• ABOUT THIS TASK:
Please return every line of the material verbatim and skip any images.

• COLLECTED MATERIAL:
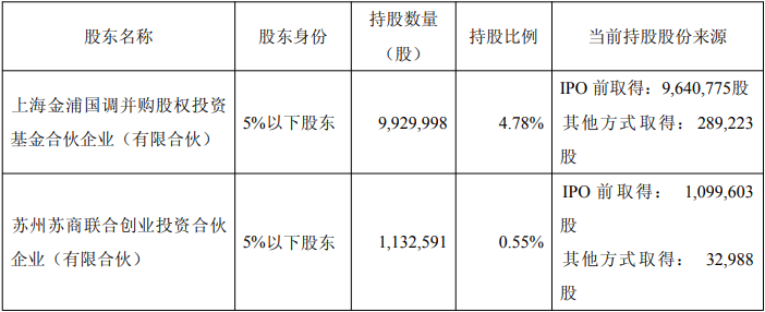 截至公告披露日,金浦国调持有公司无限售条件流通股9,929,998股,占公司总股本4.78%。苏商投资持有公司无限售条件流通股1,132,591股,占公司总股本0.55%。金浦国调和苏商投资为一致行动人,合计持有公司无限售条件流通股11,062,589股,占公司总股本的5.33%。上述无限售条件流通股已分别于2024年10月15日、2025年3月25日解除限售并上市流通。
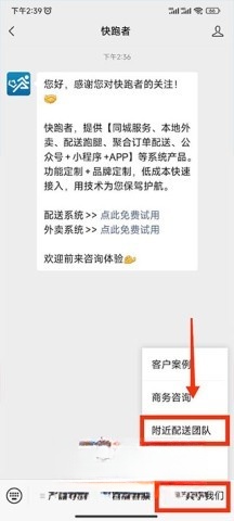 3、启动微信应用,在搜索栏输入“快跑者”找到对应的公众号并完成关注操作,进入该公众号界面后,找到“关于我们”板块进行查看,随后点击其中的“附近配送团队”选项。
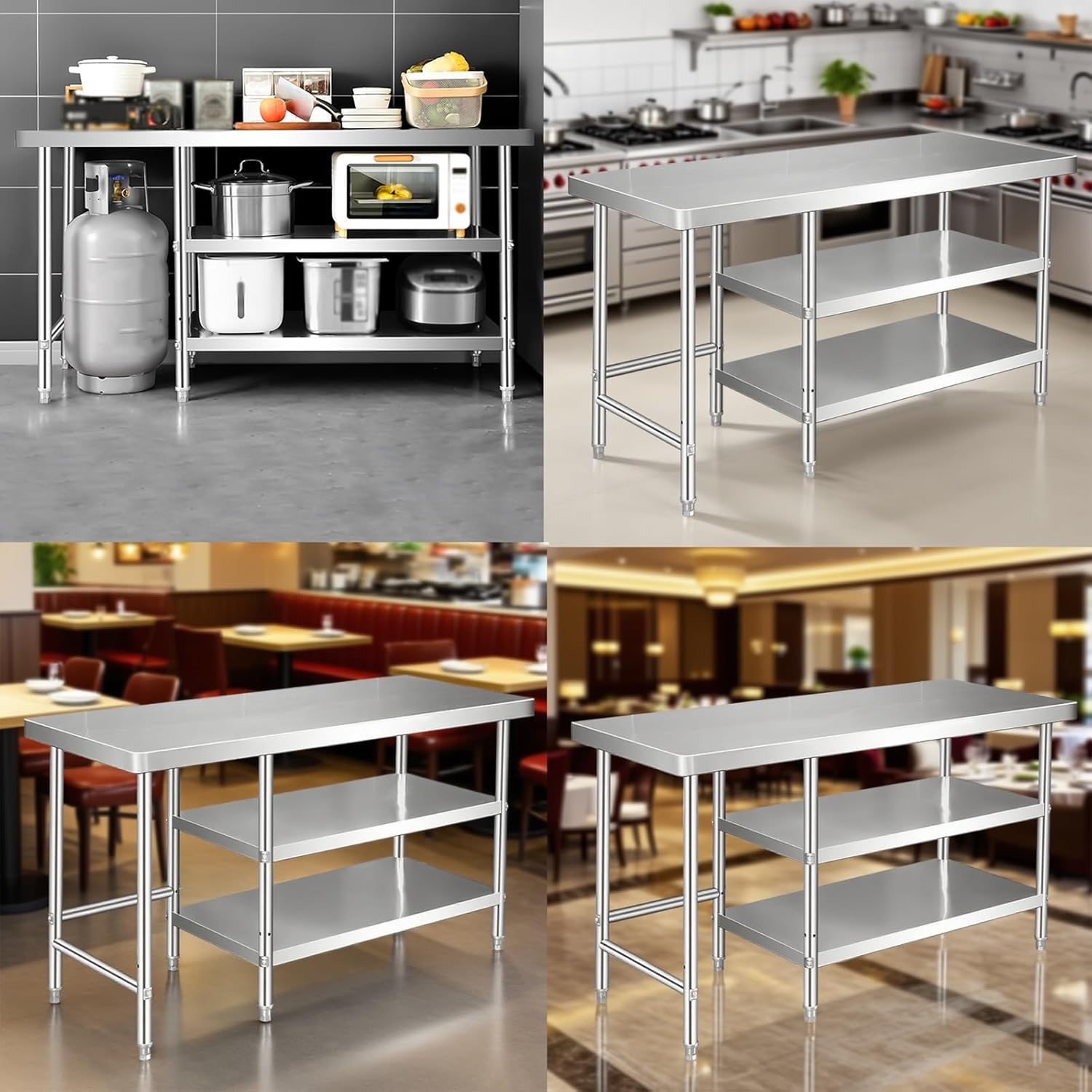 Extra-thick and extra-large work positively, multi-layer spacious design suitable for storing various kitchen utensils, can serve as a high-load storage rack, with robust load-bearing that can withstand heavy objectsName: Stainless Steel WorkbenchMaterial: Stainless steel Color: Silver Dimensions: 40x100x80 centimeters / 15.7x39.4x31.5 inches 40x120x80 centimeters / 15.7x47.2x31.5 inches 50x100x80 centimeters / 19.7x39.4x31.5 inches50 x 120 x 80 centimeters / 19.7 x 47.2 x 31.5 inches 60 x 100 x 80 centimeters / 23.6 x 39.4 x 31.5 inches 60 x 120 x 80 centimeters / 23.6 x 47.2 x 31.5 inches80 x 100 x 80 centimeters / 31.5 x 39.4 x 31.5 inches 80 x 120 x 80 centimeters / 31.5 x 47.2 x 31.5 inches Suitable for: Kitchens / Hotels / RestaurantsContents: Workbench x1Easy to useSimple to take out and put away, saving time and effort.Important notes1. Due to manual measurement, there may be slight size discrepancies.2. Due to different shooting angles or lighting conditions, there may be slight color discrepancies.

• ANSWER SECTION:
 截至公告披露日,金浦国调持有公司无限售条件流通股9,929,998股,占公司总股本4.78%。苏商投资持有公司无限售条件流通股1,132,591股,占公司总股本0.55%。金浦国调和苏商投资为一致行动人,合计持有公司无限售条件流通股11,062,589股,占公司总股本的5.33%。上述无限售条件流通股已分别于2024年10月15日、2025年3月25日解除限售并上市流通。
 3、启动微信应用,在搜索栏输入“快跑者”找到对应的公众号并完成关注操作,进入该公众号界面后,找到“关于我们”板块进行查看,随后点击其中的“附近配送团队”选项。
 Extra-thick and extra-large work positively, multi-layer spacious design suitable for storing various kitchen utensils, can serve as a high-load storage rack, with robust load-bearing that can withstand heavy objectsName: Stainless Steel WorkbenchMaterial: Stainless steel Color: Silver Dimensions: 40x100x80 centimeters / 15.7x39.4x31.5 inches 40x120x80 centimeters / 15.7x47.2x31.5 inches 50x100x80 centimeters / 19.7x39.4x31.5 inches50 x 120 x 80 centimeters / 19.7 x 47.2 x 31.5 inches 60 x 100 x 80 centimeters / 23.6 x 39.4 x 31.5 inches 60 x 120 x 80 centimeters / 23.6 x 47.2 x 31.5 inches80 x 100 x 80 centimeters / 31.5 x 39.4 x 31.5 inches 80 x 120 x 80 centimeters / 31.5 x 47.2 x 31.5 inches Suitable for: Kitchens / Hotels / RestaurantsContents: Workbench x1Easy to useSimple to take out and put away, saving time and effort.Important notes1. Due to manual measurement, there may be slight size discrepancies.2. Due to different shooting angles or lighting conditions, there may be slight color discrepancies.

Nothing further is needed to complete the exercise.